**DATA**
^^^^^^^^
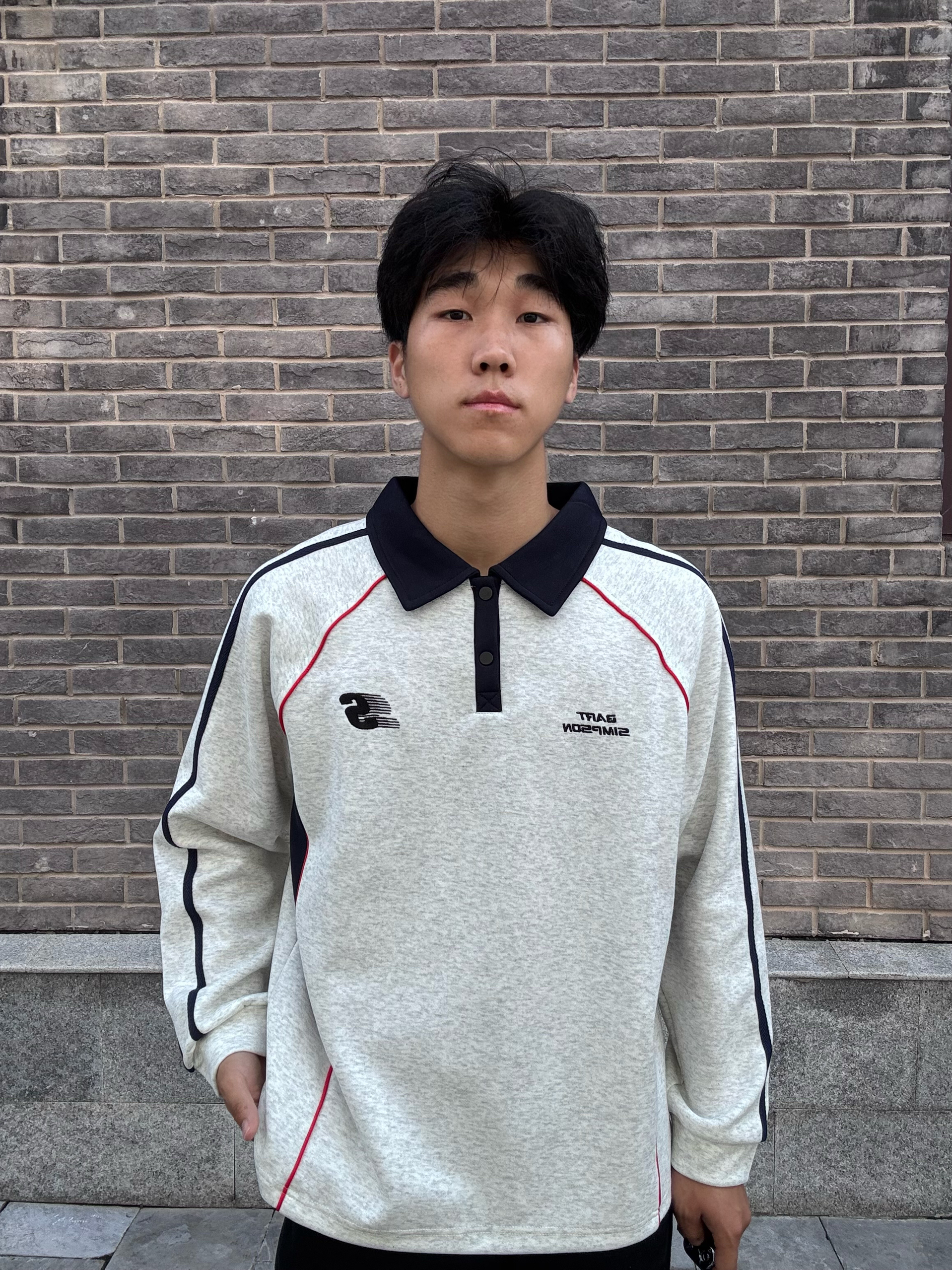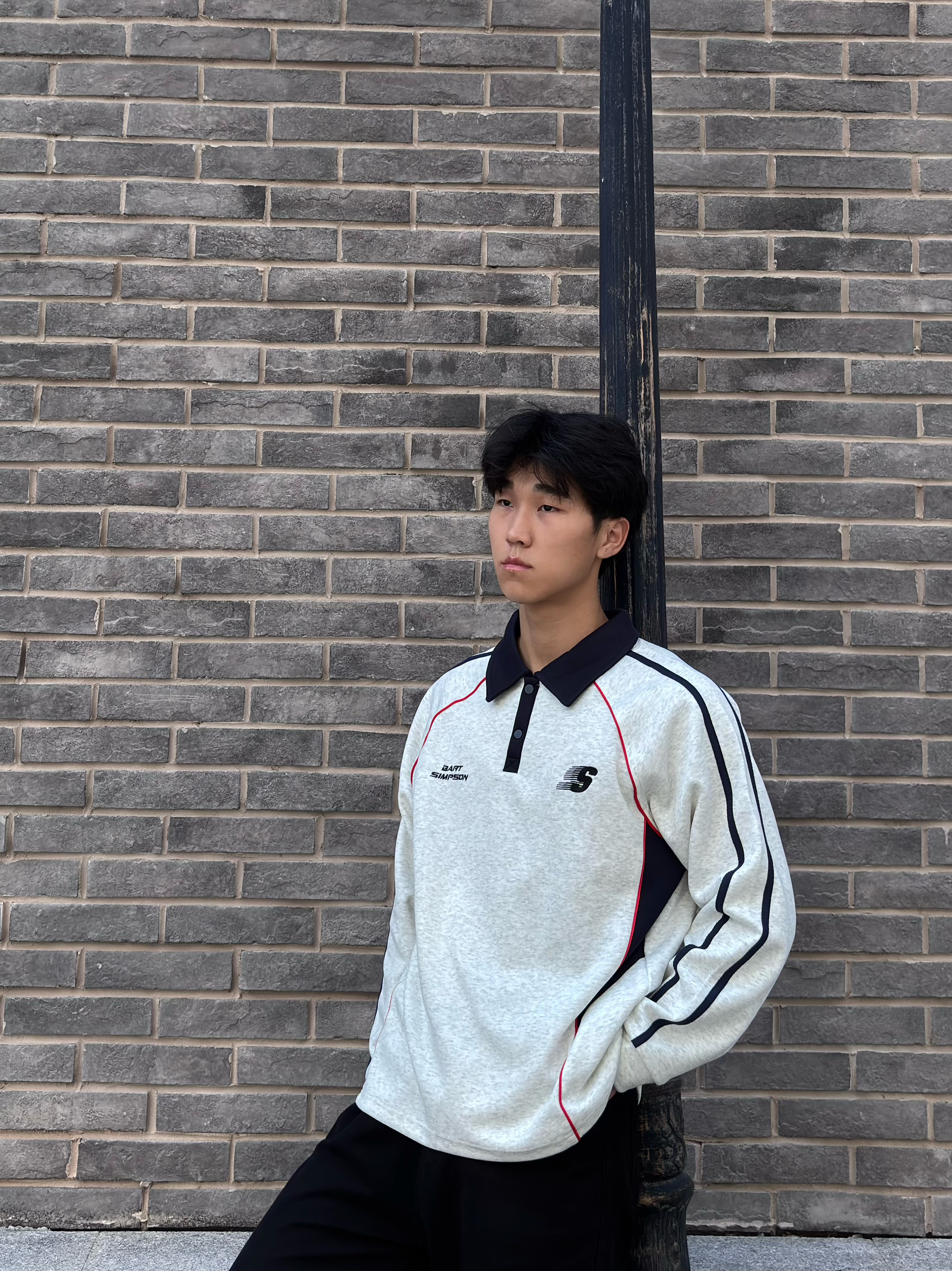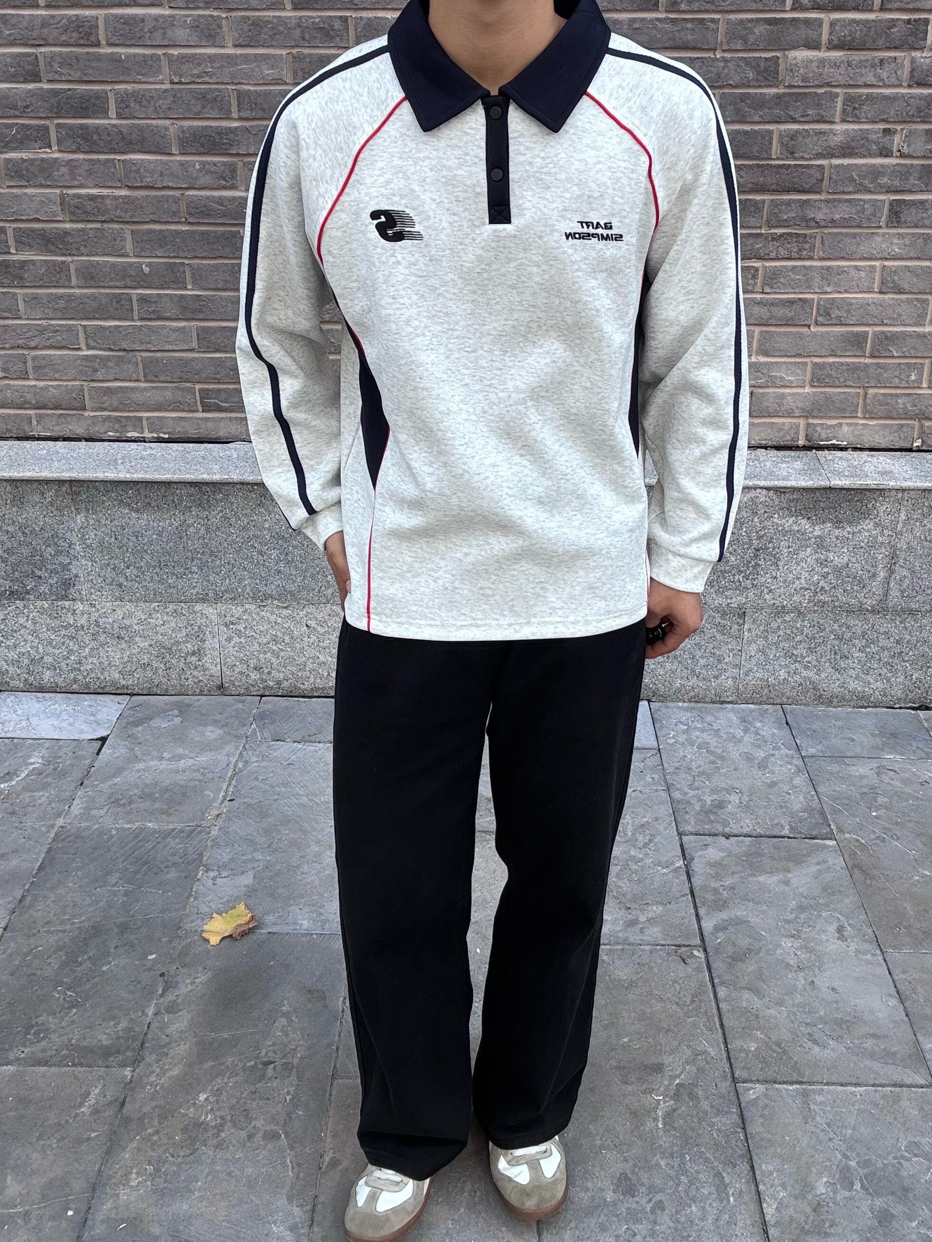 The Simpsons/辛普森一家 的长袖Polo衫 外观设计偏复古运动风,细节满分 整体是浅灰色调,很有复古那味儿 领口是经典的polo领,黑色的领子和衣服主体形成撞色,特别耐看 侧边和肩部的黑红线条装饰,一下子就把运动感拉满了,不会显得单调 还有胸前和背后的小标志,精致又不浮夸,低调中透着设计感,我个人真的很吃这种风格 面料摸起来是那种软软糯糯的质感,特别亲肤 贴身穿也很舒服,厚度也很合...
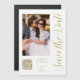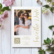 Save The Date White Gold Stylish Script Modern Mariage Magnetic Card dispose d'un arrière - plan blanc avec votre photo personnalisée. Personnalisez avec votre texte en modifiant le texte dans les zones de texte fournies et ajoutez l'URL de votre site Web pour votre code QR personnalisé. Conçu pour vous par ©Evco Studio www.zazzle.com/store/evcostudio
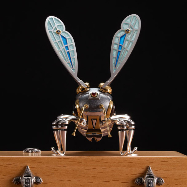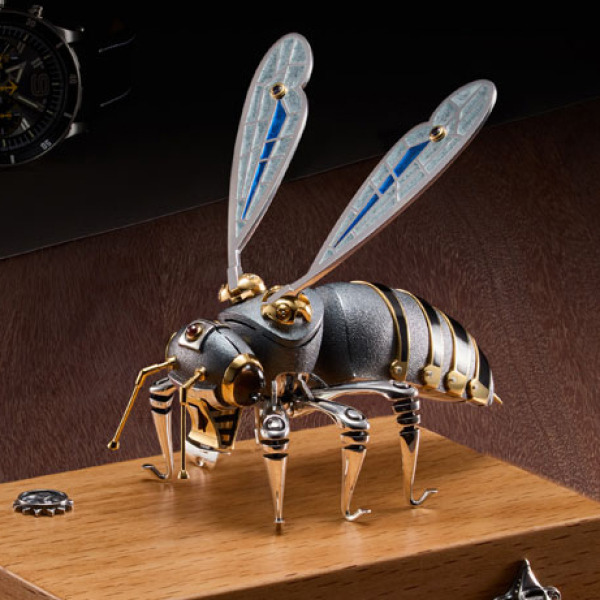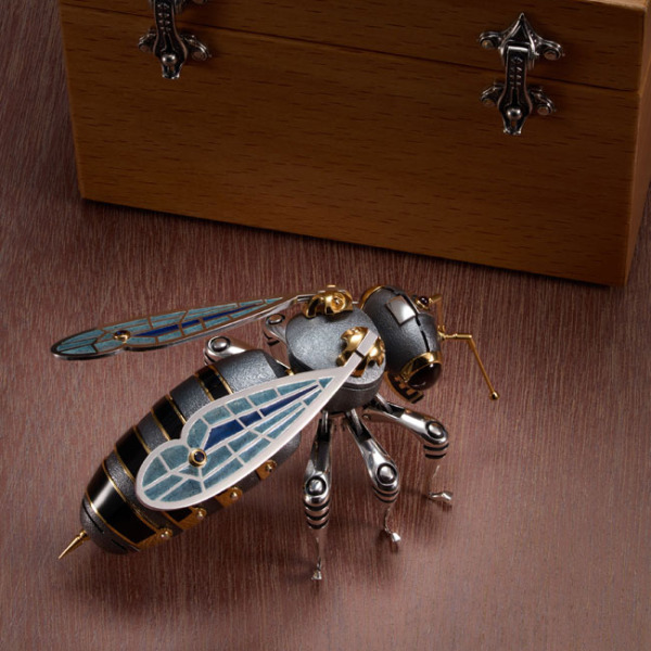 Украшение интерьера — ювелирный арт-объект «Пчела», выполненный с изумительной точностью и вниманием к мельчайшим деталям. Модель сочетает в себе техническую изощрённость и художественную выразительность: корпус состоит из серебристых и золотистых элементов, а крылья инкрустированы эмалью с витражным эффектом, имитирующим тонкие прожилки настоящих насекомых. Головка, лапки и крылья являются подвижными, благодаря чему изделие словно оживает при каждом прикосновении. Каждый изгиб и сочленение рассчитаны с инженерной точностью, что придаёт миниатюре правдоподобие и динамику.
^^^^^^^^
**WHAT YOU NEED TO DO**
Repeat each line of the material, unaltered, from the first through the line with "Save The Date", and include no pictures.

**YOUR SOLUTION**
 The Simpsons/辛普森一家 的长袖Polo衫 外观设计偏复古运动风,细节满分 整体是浅灰色调,很有复古那味儿 领口是经典的polo领,黑色的领子和衣服主体形成撞色,特别耐看 侧边和肩部的黑红线条装饰,一下子就把运动感拉满了,不会显得单调 还有胸前和背后的小标志,精致又不浮夸,低调中透着设计感,我个人真的很吃这种风格 面料摸起来是那种软软糯糯的质感,特别亲肤 贴身穿也很舒服,厚度也很合...
 Save The Date White Gold Stylish Script Modern Mariage Magnetic Card dispose d'un arrière - plan blanc avec votre photo personnalisée. Personnalisez avec votre texte en modifiant le texte dans les zones de texte fournies et ajoutez l'URL de votre site Web pour votre code QR personnalisé. Conçu pour vous par ©Evco Studio www.zazzle.com/store/evcostudio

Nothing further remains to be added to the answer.